Dear Anonymous American Couple on Your Honeymoon,
When you met me, in an airport in Lima, Peru, I was clearly trying to contain my panic. I’d just landed after 10 hours in the airspace of nine countries, and I couldn’t find my wallet. The airline claimed they didn’t have it and it wasn’t in the seatback pocket or under the cushion or in any of the obvious places. It was gone. I asked to borrow your phone, and you told me you didn’t have one, but asked me why. I shakily explained, forcing the tears out of my voice and creating a false cheerinees, a jaunty, “oh, you know how these things go” positivity. In my head, I had already resorted to sleeping in the airport. Instead, you asked me how much money I needed and handed me $75 to get me to a hostel and to find me some dinner.
Dear Marcelo the Taxi Driver,
When you picked me up at the airport, I explained to you in rather shaky high school Spanish (lots of unconjugated verbs and a tendency to repeat “entonces,” and “pues,”) that I had lost my wallet on the way here.
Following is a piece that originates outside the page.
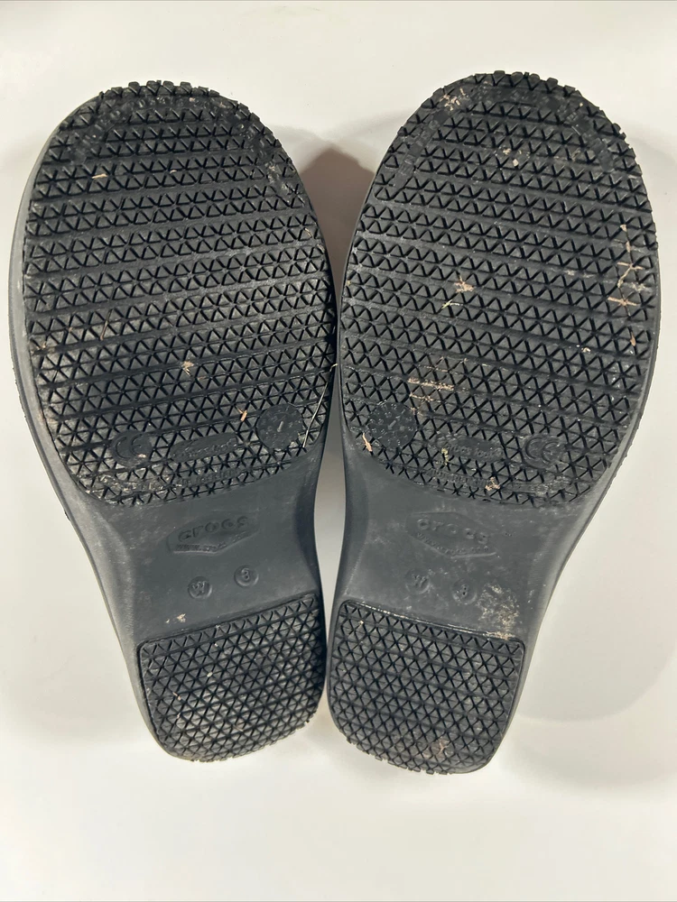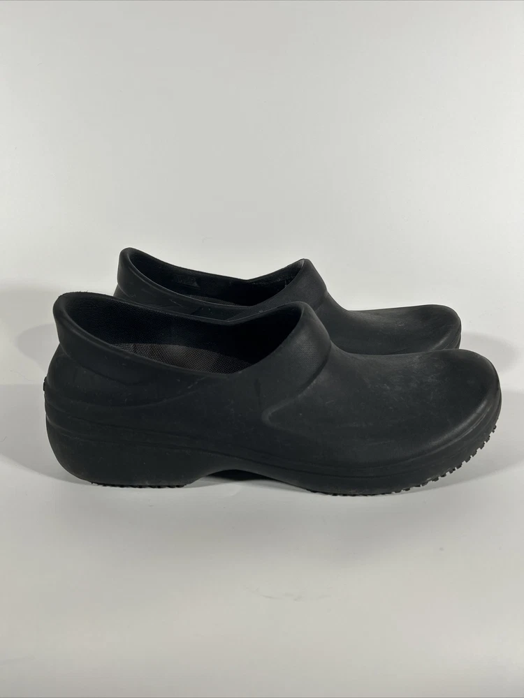 Elevate your style with these black Crocs clogs. These slip-on shoes have a closed toe with a low-top shoe shaft style, making them a perfect fit for casual occasions. The shoes have a flat heel style with a slip-resistant rubber outsole, making them ideal for walking during summer, fall, and spring. The shoes are a size 8 in the US and 6.5 in AU, with a standard shoe width and a synthetic lining material. The shoes feature the classic Crocs logo with a solid pattern. They are from the Crocs Neria Pro II model, which provides maximum comfort and slip resistance. The shoes are handmade with rubber as the upper and fabric as the insole material. These shoes are perfect for women who love clogs and want a comfortable pair that can be worn on any occasion. SKU8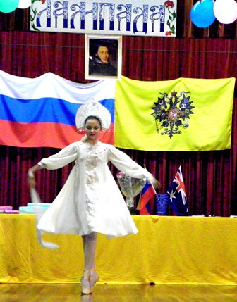Затем танцевали всемполюбившиесятанцовщицыМария Тюкавкинаи Нина Судницина. Нина обворожительно танцевала подмузыкуП. И.Чайковского «Русскуюкрасавицу». МашаТюкавкина танцевала вариации на музыку Риккардо ДригоКоломбино. Руководительдвух этих очаровательных брисбенских танцовщиц Ольга Шикина.

You asked if I had called my mom, which I hadn’t. You offered your phone, insisting I call whomever I needed. “But it’s international,…” I said, and you just waved away my concerns. I reached my mother in Florida and explained the situation. She promised to figure out how to wire money across continents and assured me it would be fine. Sir, the cab fare was only $11, and had I had any more money than the kind couple had given me, I hope you know I would have tipped you better.
Dear Eleri, My New Friend and Moral Support,
Over coca tea and bread and jam in the tiny kitchen of our hostel, we started chatting. After explaining the bind I’d gotten myself into, you offered to accompany me to the bank–“for moral support,” you said–where I was going to try to secure some sort of emergency cash or limited access to my funds, anything to enable me to continue on my trip. During the walk, we talked about your work as a pharmacist, your adventures through South America, and the kind of world we both wanted to travel in. At the bank, you waited patiently with me for over an hour while I negotiated paperwork and red tape. “It would be hard to do this kind of thing alone,” you said, and you were right.
Dear Miguel, the Most Patient Banker Alive,
When I walked into your office explaining my “emergencia,” and asking for “ayuda,” you did not roll your eyes at the silly American. You did not tell me that it was Saturday morning and the bank would be closing soon. You did not tell me that on the weekend what I was asking was next to impossible. You picked up the phone and made some calls. And then more calls. And then some faxes. You filled out form after form, helped me answer security question after security question. Most importantly, you kept smiling at me and assuring me that it would all work out. You told me sometimes it can take hours, and when I told you my next flight left in less than three, you made it happen. I walked out of your office with my money safely tucked into three separate locations and the first easy breath I’d taken in 12 hours.
Dear Senoras Huff and Woodward,
You two are the most memorable Spanish teachers I had, 12 and 10 years ago, respectively. While practicing irregular verbs or memorizing airport vocabulary, it never occurred to me how essential your training might ever be. There is not a chance in hell I would have successfully walked out of that bank without the conversational Spanish I learned in your classrooms. My facility with the language is halting these days, rusty and gooey from lack of use, but man, the fundamentals are strong. There’s a particular kind of confidence that comes from knowing you can understand and make yourself understood in another tongue. It’s not a skill on which we Americans place a lot of value, but I find it infinitely easier to show a little linguistic humility than to slam my American passport on a counter and start issuing demands.
Dear Family of Mine,
You are all pretty awesome. You sent encouraging emails. You provided financial and emotional assistance. You followed up. You checked in. More than any of that, though, you imbued in me through direction and example the kind of calm in the face of calamity that allowed me to figure my way out of this particular tight spot. Mom, Dad, I have seen you both navigate emergencies with grace under fire and solve problems with charm and ingenuity. From you I learned that lesson #1 is Don’t Panic. Lesson #2 is Seriously, Don’t Panic, It Will All Be Fine. That’s a certain kind of desperate optimism that I don’t have to call on very often, but when I do, I’m glad I’ve got such an example.